On each $U_\alpha$, let us define the rational function $$ g_{D\alpha} = \prod_{i}g_{i\alpha}^{n_i}.$$ The purpose of defining this rational function $g_{D \alpha}$ is that the divisor of zeroes and poles of $g_{D\alpha}$ within $U_\alpha$ exactly coincides with $D \cap U_\alpha$.

Now, given a rational function $f$ on $X$, the condition that $f$ is a member of the linear system $L(D)$ is that $$D + {\rm div}(f) \geq 0.$$ If you think about it, you'll realise that this condition is equivalent to the condition that, on every $U_\alpha$, the function $$ h_\alpha : = g_{D \alpha} f$$ is a regular function.

So here is how we are going to define the morphism $\phi_L$:

If the rational functions $f_0, \dots, f_n$ form basis for $L(D)$, we define, for each open set $U_\alpha$, a corresponding collection of regular functions $$(h_0)_\alpha = g_{D \alpha} f_0 \ \ , \ \ \dots \ \ , \ \ (h_n)_\alpha = g_{D \alpha} f_n$$ as above.

Next, we define the morphism $\phi_L$ on each $U_\alpha$ separately. On the patch $U_\alpha$, we define the morphism $\phi_L$ by $$ \phi_L (x) = [(h_0)_\alpha(x) : \dots : (h_n)_\alpha(x) ].$$

But hang on a minute! Since we're defining $\phi_L (x)$ patch by patch, we'd better check that our definitions agree on the overlaps between the patches! Well, on the overlap $U_\alpha \cap U_\beta$, you can see that $$ [(h_0)_\beta(x) : \dots : (h_n)_\beta(x) ] = [\frac{g_{D \beta}(x)}{g_{D \alpha}(x)}(h_0)_\alpha(x) : \dots : \frac{g_{D \beta}(x)}{g_{D \alpha}(x)} (h_n)_\alpha(x) ]$$ Since we make the identification $[y_0 : \dots : y_n] \sim [\lambda y_0 : \dots : \lambda y_n]$ in projective space, we see that $$ [(h_0)_\beta(x) : \dots : (h_n)_\beta(x) ] = [(h_0)_\alpha(x) : \dots : (h_n)_\alpha(x) ],$$ so there is no disagreement between patches.

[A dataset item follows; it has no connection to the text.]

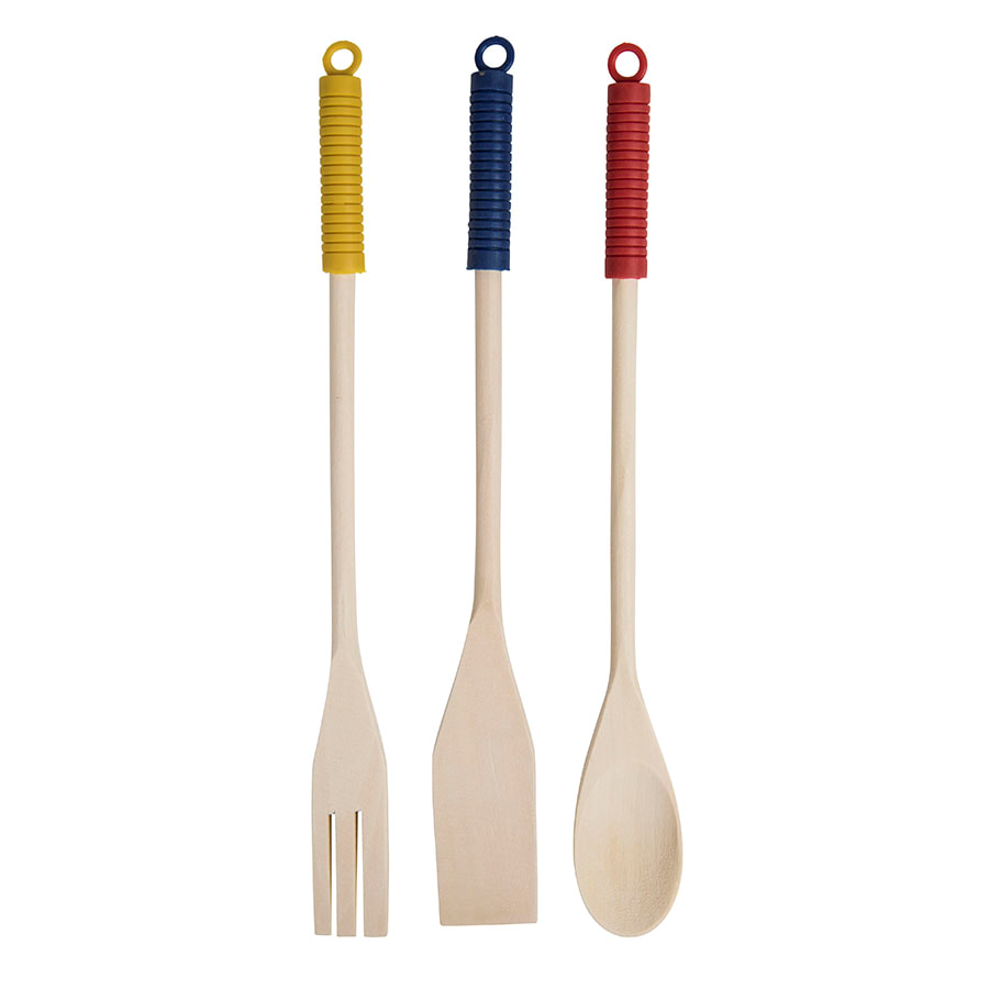 Набор деревянных лопаток KUSINA из клена станет незаменимым помощником на кухне. Посуда с антипригарным покрытием чувствительна к металлическим аксессуарам, тогда как мягкое дерево нежно и аккуратно взаимодействует с поверхностью. Лопатки помогут перевернуть стейк, поправить кекс в форме и сделать много других полезных вещей. Цветные силиконовые наконечники с ребристой поверхностью и удобной петлей позволяют ручкам не скользить в ладони на жаркой кухне. Использование деревянных лопаток имеет целый ряд преимуществ: • исключается вероятность получить ожог: у дерева низкая проводимость тепла, и в отличие от металла оно не нагревается; • они не царапают посуду, ведь дерево податливый и мягкий материал, что дает возможность использовать его для готовки в кастрюлях и сковородках с антипригарным и тефлоновым покрытием; • в отличие от пластика и прочих материалов, натуральный массив не выделяет токсинов и не влияет на вкус блюд. Отличный авторский сет из удобных предметов для кулинарных открытий и экспериментов!

Finally, where do things go wrong? Things go wrong at any point $x \in U_\alpha$ where $$(h_0)_\alpha(x) = \dots = (h_n)_\alpha(x) = 0.$$ This is because $[0: \dots : 0]$ is not a legitimate point in projective space.

[It should be straightforward to check that if $x$ is both in $U_\alpha$ and in $U_\beta$, then $$(h_0)_\alpha(x) = \dots = (h_n)_\alpha(x) = 0 \iff (h_0)_\beta(x) = \dots = (h_n)_\beta(x) = 0 ,$$ so this condition is independent of the choice of open chart.]

You can also check that the condition that $(h_0)_\alpha(x) = \dots = (h_n)_\alpha(x) = 0$ is equivalent to the condition that $x$ is in the support of each of the divisors $$ D + {\rm div}(f_0) \ \ , \ \ \dots \ \ , \ \ D + {\rm div}(f_n).$$ This is the same as the statement that $x$ is in the base locus of the linear system $L(D)$.

I hope this helps.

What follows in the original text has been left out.